One of our analysts discusses IAG's recent update to the market.
IAG shares gain altitude, rising 4%
- Improving non-fuel costs and full-year profit guidance remaining the same offer investors some reassurance in light of recent performance
- The 60% drop in operating profits caused by a range of headwinds including rising fuel costs
- Despite concerns over post-Brexit ownership, we continue to recommend the shares as a ‘Buy’
British Airways owner, IAG, reassured the market with their first quarter results, despite the fact the company reported a 60% drop in operating profit at €135m. That was partly due an 11% rise in fuel costs on a constant currency basis. The company highlighted foreign exchange headwinds, market capacity and the timing of Easter as other factors affecting its performance. Passenger unit revenue declined by 1.4%; however the company expects an improvement over the course of 2019 and full-year operating profit is still expected to be the same as last year.

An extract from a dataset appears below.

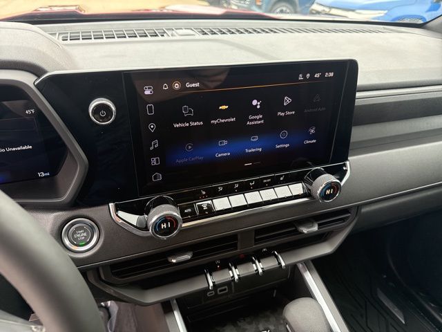 Navigation, Heated seats, Heated steering wheel, XM SIRIUS Radio, Push button start, Bluetooth, Rear Back Up Camera, Power driver's seat, Blind spot indicator, Apple Car Play, LCD display screen, Onstar, Steering Wheel Controls, Alloy Wheels, Lane Monitor, Colorado Trail Boss, 4D Crew Cab, 2.7L I4 Turbocharged DOHC 16V LEV3-ULEV50 310hp, 8-Speed Automatic, 4WD, Radiant Red Tintcoat, Jet Black w/Cloth Seat Trim, 3.42 Rear Axle Ratio, 30" Grille-Mounted Off-Road Grille Light Bar, 4-Way Manual Passenger Seat Adjuster, 4-Wheel Disc Brakes, 6 Speakers, 6-Speaker Audio System Feature, 8-Way Power Driver Seat Adjuster, ABS brakes, Accessory Power Distribution Box, Accessory Switch Kit, Adaptive Cruise Control, Air Conditioning, Alloy wheels, AM/FM radio: SiriusXM with 360L, Apple CarPlay/Android Auto, Auto High-beam Headlights, Automatic Emergency Braking, Automatic temperature control, Brake assist, Chevy Safety Assist, Cloth Seat Trim, Compass, Delay-off headlights, Driver door bin, Driver vanity mirror, Dual front impact airbags, Dual front side impact airbags, Electronic stabiliy control, Emergency communication system: OnStar, Following Distance Indicator, Forward Collision Alert, Front anti-roll bar, Front Bucket Seats, Front Center Armrest, Front dual zone A/C, Front Pedestrian and Bicyclist Braking, Front wheel independent suspension, HD Surround Vision, Heated door mirrors, Illuminated entry, IntelliBeam Automatic High Beam on/Off, Lane Keep Assist with Lane Departure Warning, Low tire pressure warning, Navigation System, Occupant sensing airbag, Off-Road Bumper Lights Wiring Harness, Off-Road Bumper Pod Lights, Off-Road Front Bumper Package, Off-Road Front Bumper with Safari Bar, Outside temperature display, Overhead airbag, Overhead console, Panic alarm, Passenger door bin, Passenger vanity mirror, Power door mirrors, Power steering, Power windows, Preferred Equipment Group 0TR, Radio data system, Radio: 11.3" Diagonal Advanced Color LCD Display, Rear Pedestrian Alert, Rear reading lights, Rear step bumper, Rear window defroster, Remote keyless entry, Security system, SiriusXM with 360L Trial Subscription, Speed control, Speed-sensing steering, Split folding rear seat, Steering Wheel Mounted Audio Controls, Steering wheel mounted audio controls, Tachometer, Technology Package, Tilt steering wheel, Traction control, Trip computer, Variably intermittent wipers, Wheels: 20" x 9" High Gloss Black Aluminum, Wireless Phone Projection.

The shares gained some altitude in early trading with a 4% rise, which will be welcomed by investors given that they’ve been in a nosedive over the last three months. The fact that full-year profit guidance remains the same and non-fuel costs are expected to improve, are certainly positives for investors. While some uncertainty remains around whether the company will conform to the EU's rules on ownership post-Brexit we continue to recommend the shares as a 'Buy' for investors seeking growth but willing to accept a higher level of risk.